It depends what cooker/smoker platform you're using.
I have a cheap Brinkmann offset.  I get it started with about 1/2 chimney in the offset chamber when I'm smoking.  If I'm grilling, a full chimney in the charcoal grate under the main chamber grates is good.
I have a Weber kettle.  1/2 chimney is good for grilling, but way too much for a low and slow smoke.  I use a double row of coal in the snake method and light the end coals with a propane torch

edit because the post chopped off most of my reply


----------



## Gocubs1815

Okay, thanks for the info. But plot twist...

Instead if a Webber Kettle, what if you're cooking in a smoker with 72'x32'x24 dimensions. That's 32 square feet that need to be heated to 250°
How much coal do you think one would need?


----------



## jcam222

Gocubs1815 said:


> Okay, thanks for the info. But plot twist...
> 
> Instead if a Webber Kettle, what if you're cooking in a smoker with 72'x32'x24 dimensions. That's 32 square feet that need to be heated to 250°
> How much coal do you think one would need?

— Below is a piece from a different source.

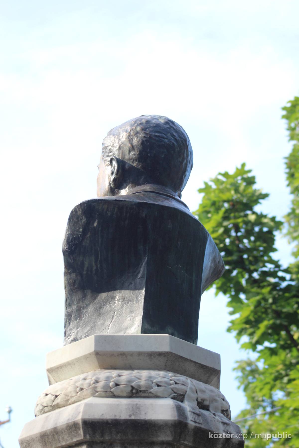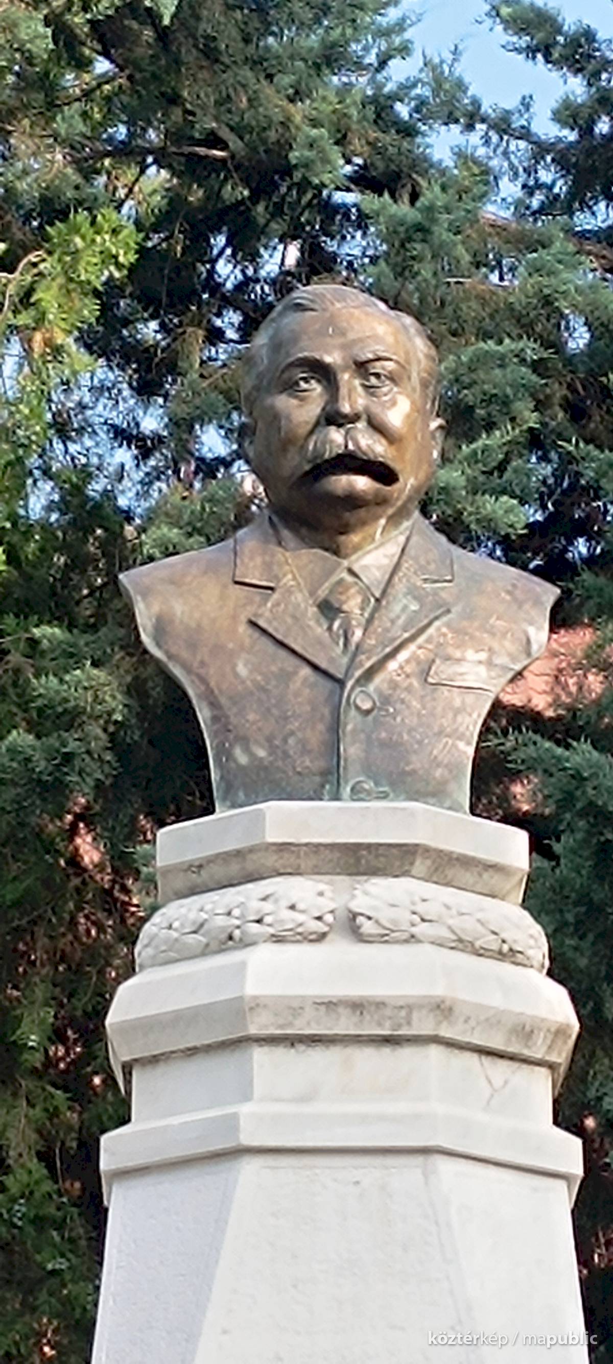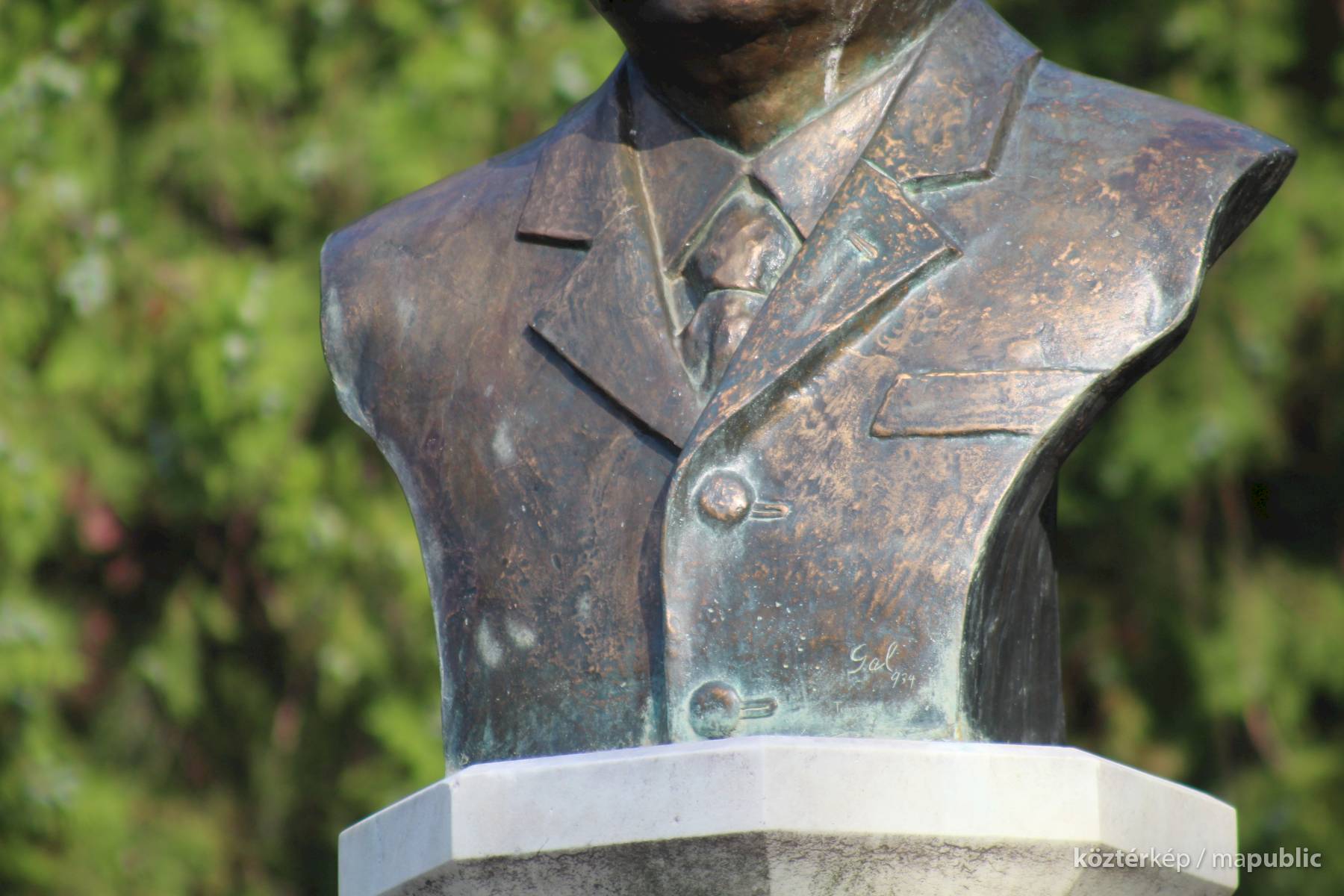 A jogász életnagyságú bronz mellszobra a fő utcán, a szökőkúttól délre közel a körforgalomhoz látható. Magas szögletes beton talapzaton áll, az alkotás alatti oszlopfőn körben fehér márványból, nyolcszög alakú díszítés látható. Valamint szalaggal átkötött mirtusz, vagy babérkoszorú. Elöl szintén márványtáblán olvasható a neve évszámok, és méltatása. 1934-ben avatták fel, [2] a Szignó alapján Gallas Nándor temesvári szobrász alkotása, szignója a készítés éve és a Temesvár felirat olvasható a szobor elején, a bal oldalon lenn. Ezt a tényt nem tudom adatokkal alátámasztani, semelyik forrásban nincs alkotó megjelölve, csak az avatás biztos.

Probably help to know more about your smoker type. That’s pretty big. Offset? cabinet? In my opinion in a cooker that big it’s not as much how much charcoal , it’s all about controlling the heat with airflow. In my large vertical 270 smoker I fill the basket with a good 12 lbs or more of lump. I toss one chimney of lit coals on top that. Whether I fill it full or half full the temp management is all about adjusting the top and bottom vents.


----------